In een populatie volwassen patiënten met reactieve poststreptokokkenartritis (PSRA) vonden wij 6-8 weken na keelinfectie een sensitiviteit van 100% van de verhoogde AST- en anti-DNase-B-titer.23 In een longitudinaal prospectief onderzoek met 23 patiënten vonden wij seropositiviteit voor AST na 24 en 52 weken, bij respectievelijk 73 en 67%; voor anti-DNase-B bij respectievelijk 50 en 12%. 4 Bij volwassenen met een PSRA blijft de AST-titer dus opvallend langer positief dan de anti-DNase-B-titer. In de beschouwing schrijven de auteurs, helaas zonder referentie te noemen, dat na een streptokokkeninfectie bij kinderen de anti-DNase-B- langer positief blijft dan de AST-titer. Wanneer deze discrepantie correct is, zou ze een belangrijke aanwijzing kunnen zijn voor verandering van immunologische reacties bij het ouder worden. Wellicht dat hierdoor de verandering van het klinische beeld (acuut reuma bij kinderen; PSRA bij volwassenen) na een streptokokkenkeelinfectie beter begrepen kan worden.
Markowitz M, Kuttner AN. Laboratory findings. In: Markowitz M, Kuttner AG, editors. Rheumatic fever. Diagnosis management and prevention. Philadelphia: Saunders; 1965.
Jansen TLThA, Janssen M, Riel PLCM van. Grand rounds in rheumatology: acute rheumatic fever or post-streptococcal reactive arthritis: a clinical problem revisited. Br J Rheumatol 1998;37:335-40.
Jansen TLThA, Janssen M, Jong AJL de, Jeurissen MEC. Post-streptococcal reactive arthritis: a clinical and serological description, revealing its distinction from acute rheumatic fever. J Int Med 1999 [ter perse].
(Geen onderwerp)
Utrecht, januari 1999,
Wij danken de collegae Jansen en Janssen voor hun commentaar. Chorea is een late manifestatie van acuut reuma, waarbij de symptomen van chorea tot vele maanden na de acute keelinfectie met β-hemolytische streptokokken uit groep A kunnen optreden. Om die reden is een eerder doorgemaakte streptokokkeninfectie bij deze patiënten moeilijk te bewijzen.

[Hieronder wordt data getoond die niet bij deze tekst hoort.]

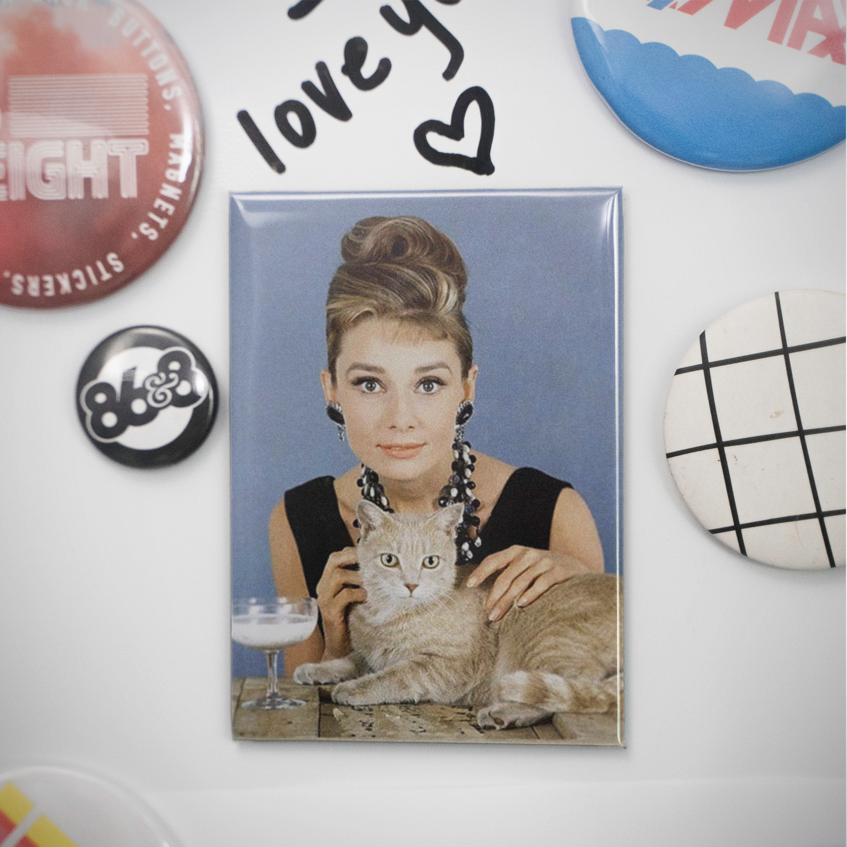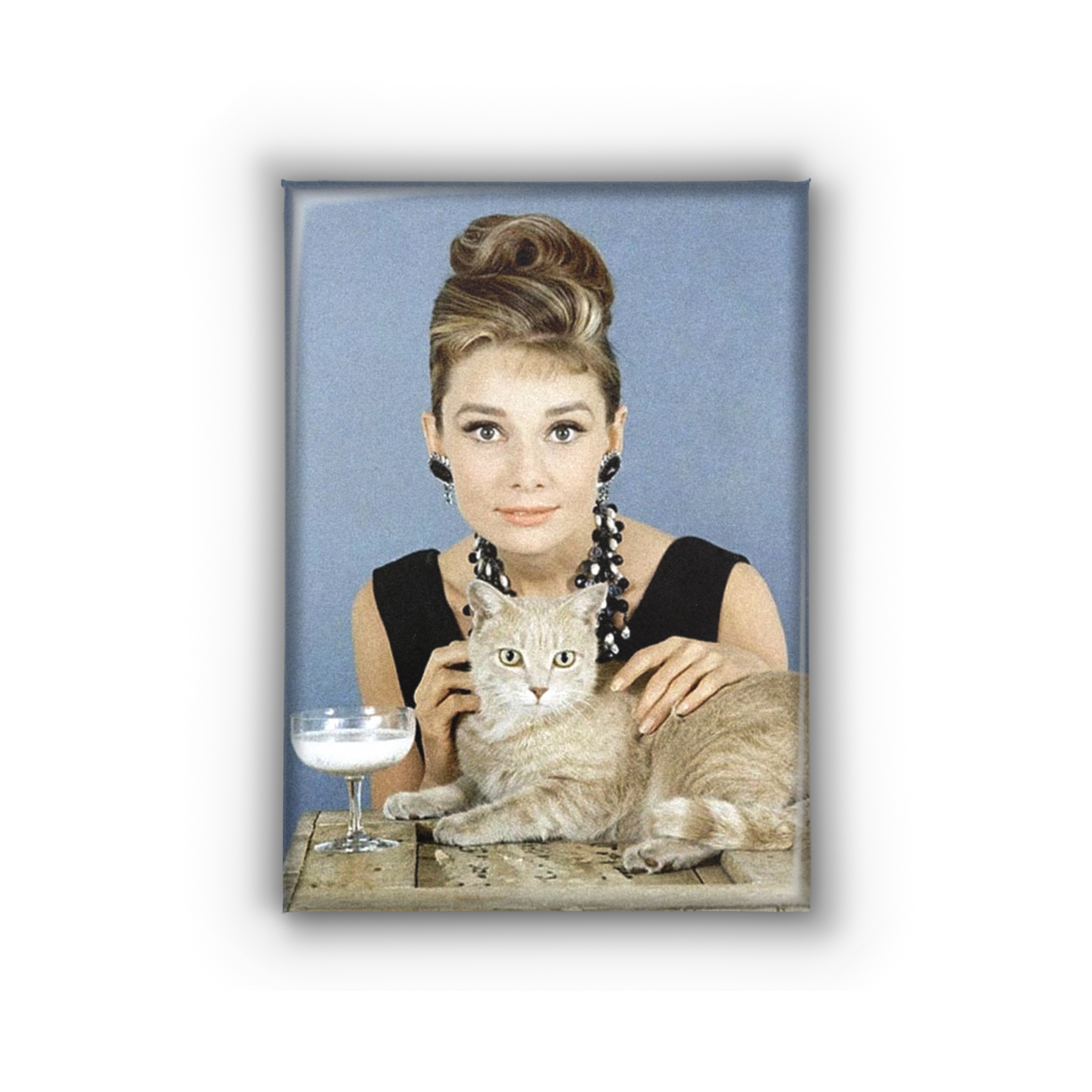Witness the epitome of grace, Audrey Hepburn, draped in a chic black dress, sharing a quiet moment with an adorable light brown cat over a glass of milk. This charming magnet, capturing a serene slice of mid-century Hollywood, is the purrfect vintage accent for any discerning Hepburn aficionado or cat lover’s fridge or locker.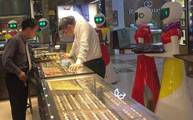 Guangdong ျပည္နယ္ Guangzhouျမိဳ႕မွာ လက္ဝတ္ရတနာထြက္ဝယ္ခဲ့တာျဖစ္ပါတယ္။ သူ႕ေနာက္မွာေတာ့ စက္ရုပ္၈ဦးက ကိုယ္ရံေတာ္အျဖစ္ပါခဲ့ပါတယ္။ သူရဲ့ပိုက္ဆံအိတ္အျပင္အျခားအသံုးအေဆာင္ေတြကို စက္ရုုပ္ေတြကိုသယ္ခိုင္းခဲ့ပါတယ္။

De titers van antistreptokokkenantistoffen kunnen immers op het moment van presentatie van de chorea al weer gedaald zijn. Het periodiek herhalen van deze titerbepalingen teneinde een stijging aan te kunnen tonen, heeft dan ook geen zin als chorea het eerste symptoom van acuut reuma is. Zoals ook aangegeven is in de gereviseerde criteria voor de diagnose van acuut reuma,1 kan chorea de enige manifestatie zijn van acuut reuma. In dat geval is het uiteraard belangrijk om bij deze patiënten andere oorzaken voor het ontstaan van (sub)acute chorea uit te sluiten (zie hiervoor tabel 1 in ons artikel). Bij de door ons beschreven patiënt was naast de chorea sprake van een tweede ‘major’ criterium, te weten carditis. Na uitsluiten van de differentiaaldiagnose van acute chorea op de kinderleeftijd wordt hiermee de diagnose ‘acuut reuma’ zeer waarschijnlijk.
Special Writing Group of the Committee on Rheumatic Fever, Endocarditis, and Kawasaki Disease, Council on Cardiovascular Disease in the Young, American Heart Association. Guidelines for the diagnosis of rheumatic fever: Jones criteria, updated 1992. Circulation 1993;87:302-7.